This is madness!
No. Seriously. It's madness. NOT Sparta, damn it, so stop thinking it. Stop it right now. This is serious.
What is madness?
THIS:
ME: Hey sister.
Brat: I'm getting married on the 22nd!
ME: The 22nd of what?
Brat: March!
ME: Of next year?
Brat: No! Next month!
Great. Balls. Of. Fire.
Didn't I just go through this with Lydia (formerly Wheat)? Or something very similar to it?
Why yes. Yes I did. And you know what? It's just as stupid for this twin as it was for the other one. Actually, I take that back. It's even more stupid for this twin than it was for the other. At least Lydia did it because she was madly in love and wanted to be with MoMo forever and always. I may still think her running off to get married in the middle of Nowhere, Texas was a fucking dumbass mistake for her nineteen year old self to make, but she had a good reason.
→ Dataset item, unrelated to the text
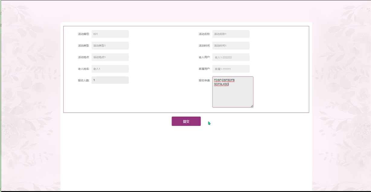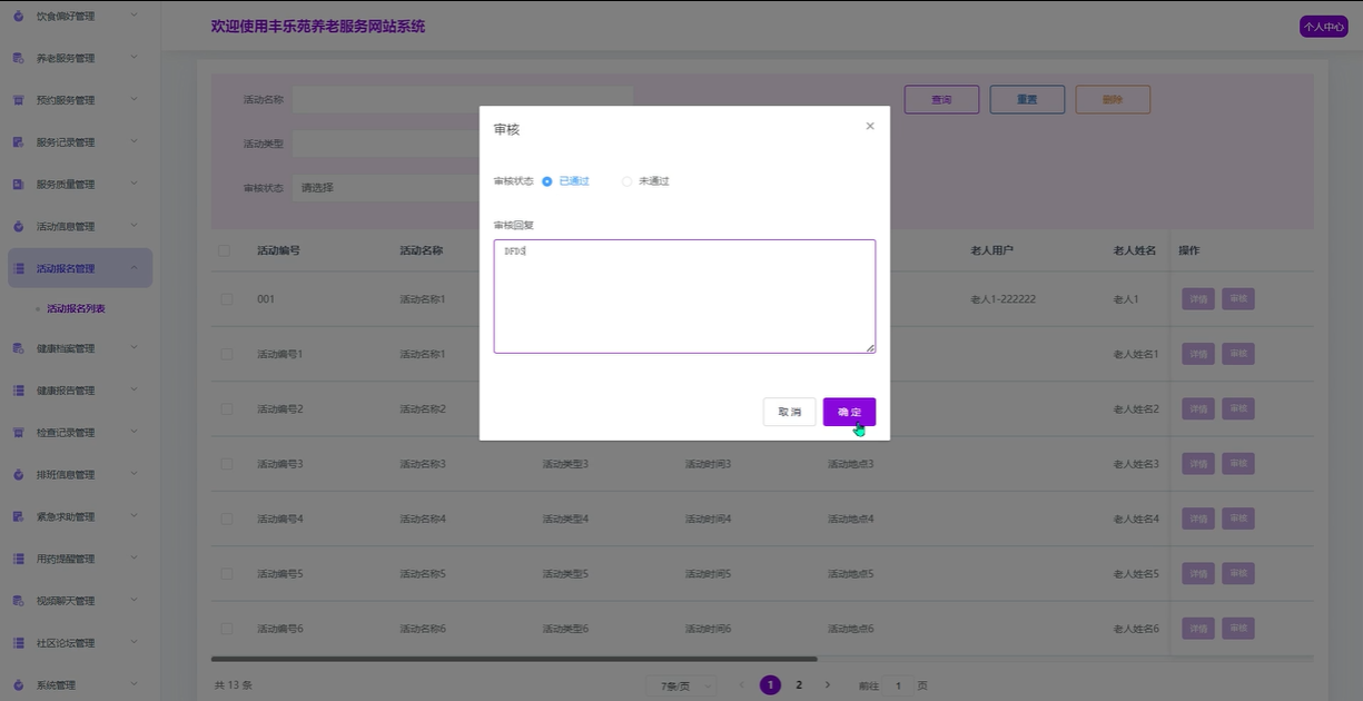 活动报名: 查看老人参与的活动报名情况,跟踪活动审核状态,支持查询和重置。

Brat graduated less than a year ago for crying out loud!
This is the four of us at Memaw's right after Brat's graduation ceremony. We're in Papaw's Music Appreciation Room, and those are some of his records behind us.
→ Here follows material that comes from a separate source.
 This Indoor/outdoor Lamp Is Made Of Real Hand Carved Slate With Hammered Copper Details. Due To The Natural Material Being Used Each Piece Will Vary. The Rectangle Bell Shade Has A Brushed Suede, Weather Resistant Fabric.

Of course I couldn't help saying what was on my mind.
Oh, yes. Yes I did have the nerve to ask my sister, "Why the hell are you getting married? I thought you were waiting until after college!"
Brat: Because I'm sick of living with Memaw and Papaw and I want to move out.
What?
ME: Brat, you don't have to be married to move out of your family's house. This isn't the fucking fifties.
Brat: Yes, I do.
ME: No, you don't. I'm not married to Padawan, and we live together.
Brat: Padawan isn't Catholic. Gummy Bear is.
ME: What?
Brat: Gummy Bear is Catholic, Chanel. You know that. It's against his religion to live with a woman he isn't married to.
ME: Um...isn't it also against his religion to commit Fornication? But you've done that plenty of times.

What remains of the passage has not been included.